Anke Behn, team leader for financial services, advises on sustainable investments.

What returns can I expect from sustainable investments?

Older studies state that there is no difference to offers that do not observe sustainability criteria. Cost, risk and return depend on the product. The higher the return, the higher the risk is usually. Roughly speaking, the risk increases from savings to bond and equity funds to stocks. When investing in investment funds or stocks, a long investment horizon is recommended. The risk is also lower on average with broadly diversified funds because the risk of fluctuation is reduced. If I invest in just one industry or region, the risk increases. Even more risky are direct investments such as closed funds, participation rights or subordinated loans.

What forms of sustainable investment are there besides funds?

This can also be a classic savings product at a bank whose entire business model is more sustainable. There is a huge range of funds. ETFs, for example, are less expensive because they are computer-based and track an index. On the other hand, they’re probably not the most sustainable of funds. In addition, a wide variety of investment forms are offered, such as closed funds, participation in cooperatives or participation certificates. These products of the gray capital market have very different contract constellations that you should take a close look at; because sometimes a total loss is possible. High initial sums are often to be paid and the terms are long, sometimes money has to be added. Of course, the risk is greater with small projects than with an investment fund with numerous companies – if one stumbles, it doesn’t matter that much. So if you want to invest 30,000 euros, for example, it would be better not to invest 10,000 in a gray capital market project, as that would not be well distributed.

Should I entrust my portfolio to a professional?

If you take care of it yourself, you can save money. If this is not for you, you should have several conversations, not just with one provider. This way you learn something new, can question points and, above all, compare them. All banks now offer sustainable investments. We have banks using more extensive criteria in the year examined in 2020.

What is the best way for investors to make their selection?

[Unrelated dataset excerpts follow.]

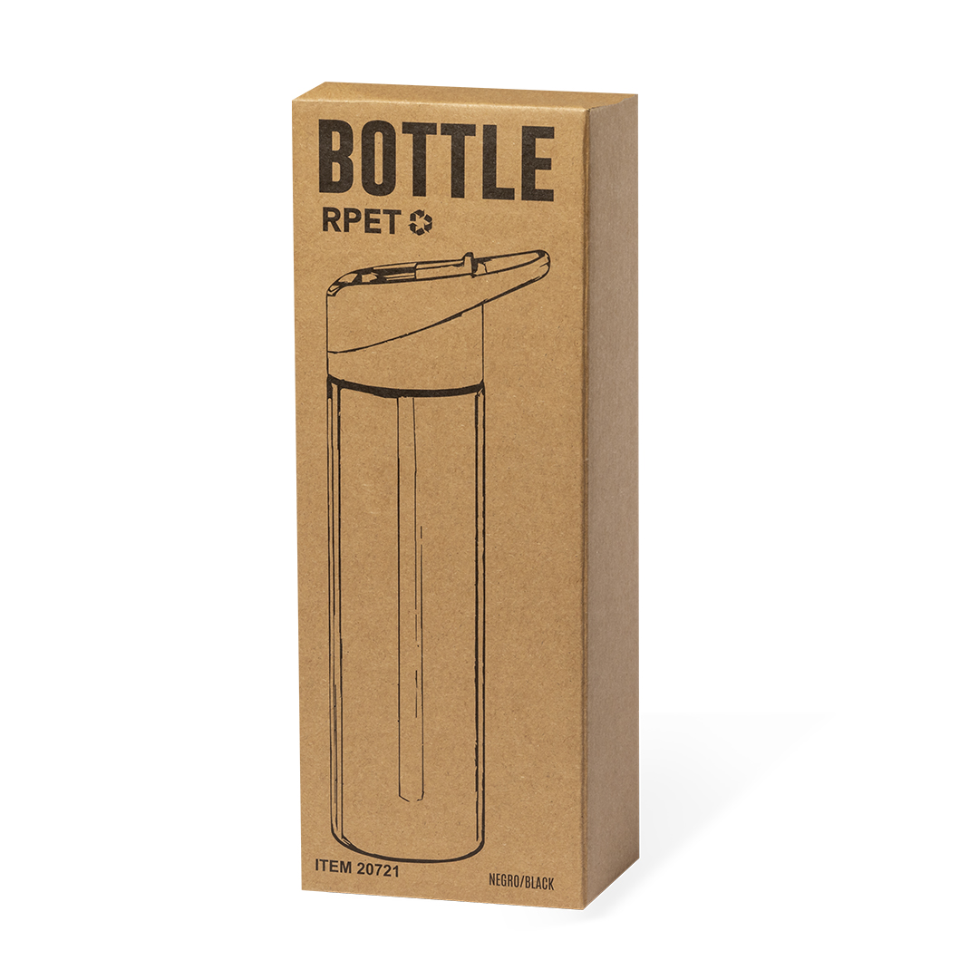 RPET-Flasche mit 600 ml Fassungsvermögen. BPA-frei, mit leicht zu öffnendem System, Spender mit Strohhalm (im Lieferumfang enthalten) und passendem Tragegriff. Erhältlich in einer Auswahl an leuchtenden Farben und präsentiert in einer attraktiven Kraftpapier-Designbox. Das RPET-Material wird aus recyceltem Kunststoff hergestellt, um die Wiederverwendung von Kunststoffabfällen zu fördern und zur Nachhaltigkeit des Planeten beizutragen.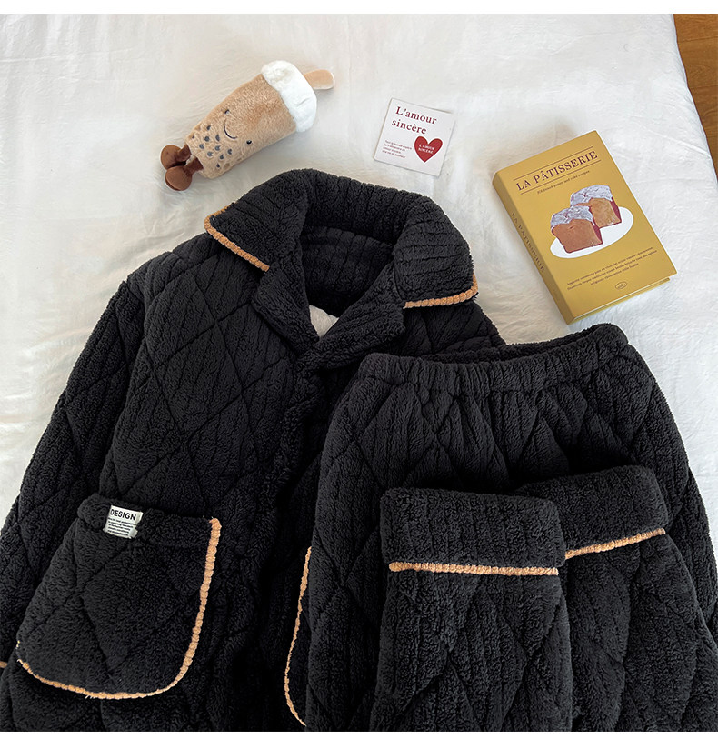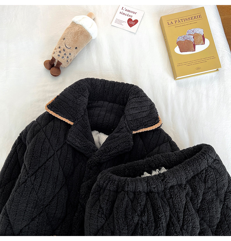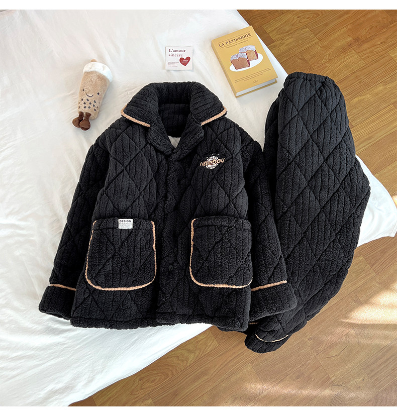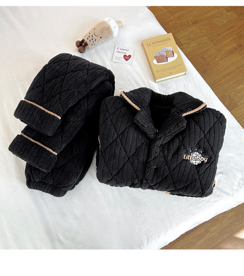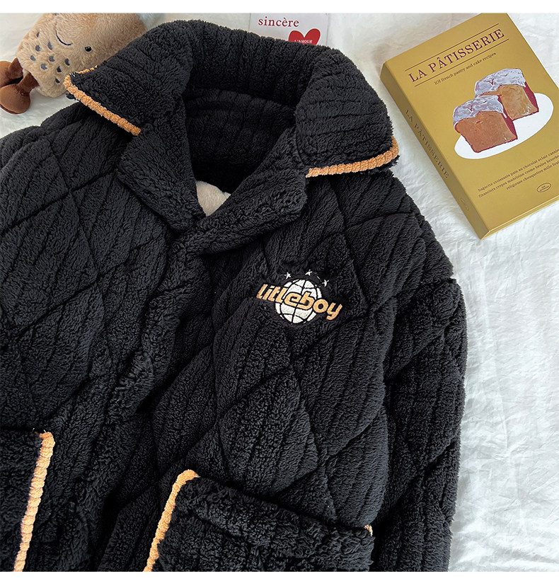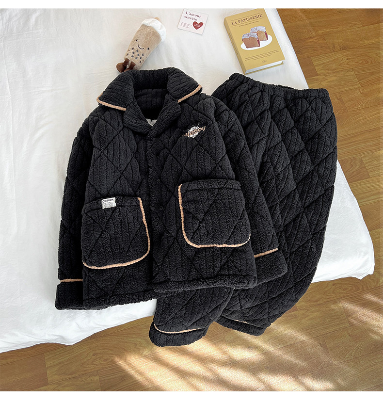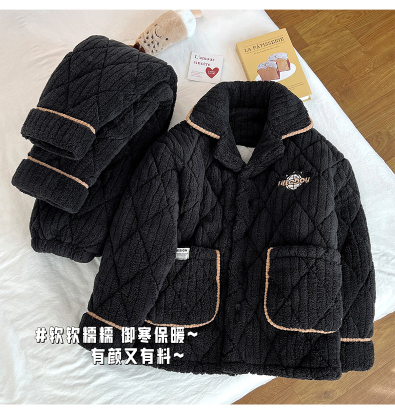 2026 New High-End Coral Velvet Pajamas for Men, Winter Three-Layer Quilted Cotton, Fleece-Lined and Thickened, Youth Loungewear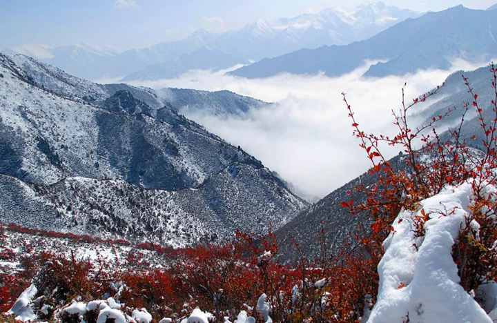 青海的冬季雖寒冷而又漫長,而雪,則必不可少,畢竟對於冬天,這是身份的象徵。“北國風光,千里冰封,萬里雪飄”,描寫的雪景也莫過於此,連綿的山嶺像銀白色的巨蟒,雪中的樹林依舊挺拔,好似北國的戰士遙望遠方,守候自己的家園。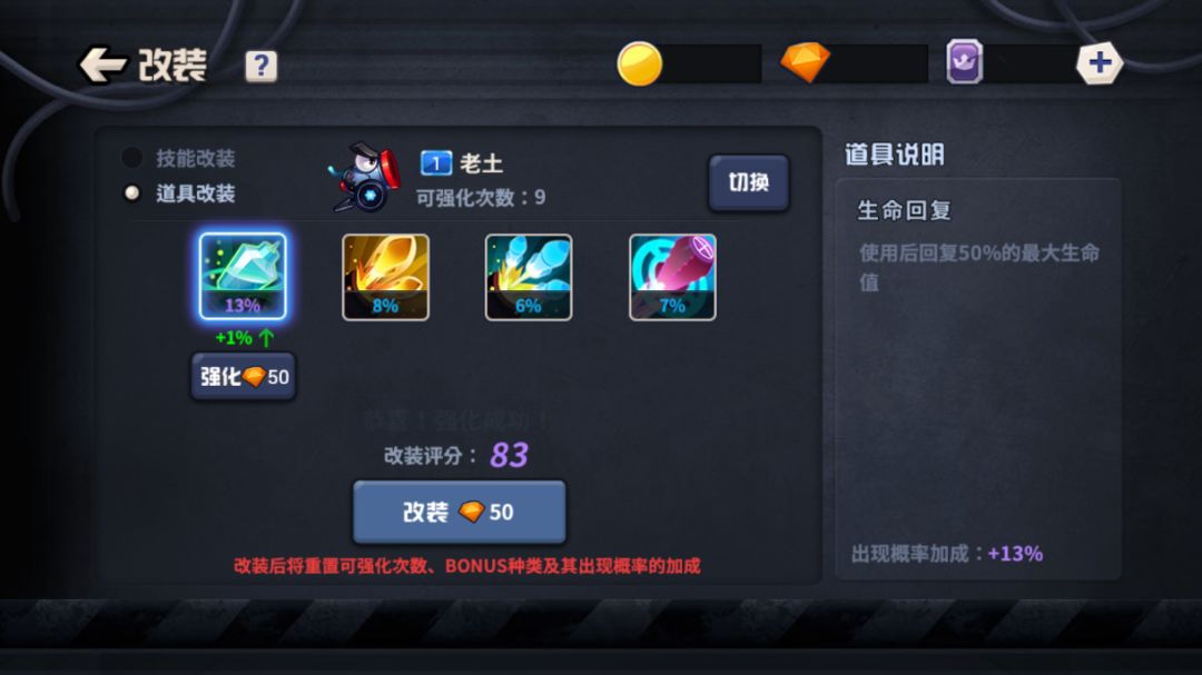 1.道具改装分为改装和强化两种方式。12级开启道具改装 2.改装,需消耗一定数量钻石,从全部BONUS中随机选择4个,并随机给予一个出现概率的加成。再次行动无法进行改装 3.强化,需要消耗一定数量钻石及1强化次数,有一定几率为指定BONUS出现概率增加1 %的加成 4.改装会重置强化次数、改装BONUS的种类及其出现概率的加成 5. BONUS改装概率的加成上限为20%。每个坦克的道具改装相互独立

A basic rule is to spread your money well to reduce the risk of fluctuation. The first thing I should do is clarify my goals and my needs: How long can my money be invested and how great is my need for security? Then I can define my expectations of sustainability: Is excluding certain industries or behaviors enough for me, or do I want more? Before I finally have several consultations or make a choice myself, I should inform myself in detail. The portal can help, for example geld-bewegt.de the consumer advice center in Bremen.

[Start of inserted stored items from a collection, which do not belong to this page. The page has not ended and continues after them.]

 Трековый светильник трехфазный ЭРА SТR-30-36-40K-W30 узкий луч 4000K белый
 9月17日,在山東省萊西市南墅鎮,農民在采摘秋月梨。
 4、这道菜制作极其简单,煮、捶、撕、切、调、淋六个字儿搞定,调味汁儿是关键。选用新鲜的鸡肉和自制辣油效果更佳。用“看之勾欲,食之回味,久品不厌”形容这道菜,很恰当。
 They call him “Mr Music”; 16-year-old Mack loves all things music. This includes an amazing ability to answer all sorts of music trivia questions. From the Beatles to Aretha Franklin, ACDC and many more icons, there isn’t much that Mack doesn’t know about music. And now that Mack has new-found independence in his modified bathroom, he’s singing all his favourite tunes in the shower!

Where can I invest my money if social justice is particularly important to me?

There are special products that focus on this. Here, too, there is no definition. Microfinance funds, for example, grant microloans to Third World countries. However, such funds are not right for every investor. You have to take a close look at that.

How popular are sustainable forms of investment now?

For a long time, sustainable investments were considered a niche, but that is no longer the case. Sales figures and the number of such products have increased rapidly in recent years. And according to a survey we conducted, more people who don’t invest in this way yet are interested in it. However, the perception of sustainability is also a process: in our survey in 2013, for example, the rejection of nuclear power was greater than now, but not so much of fossil fuels. Back then, Fukushima scared people, and today it is clear to many that Germany is phasing out nuclear energy. Instead, there is now much more talk about climate change and CO2 savings.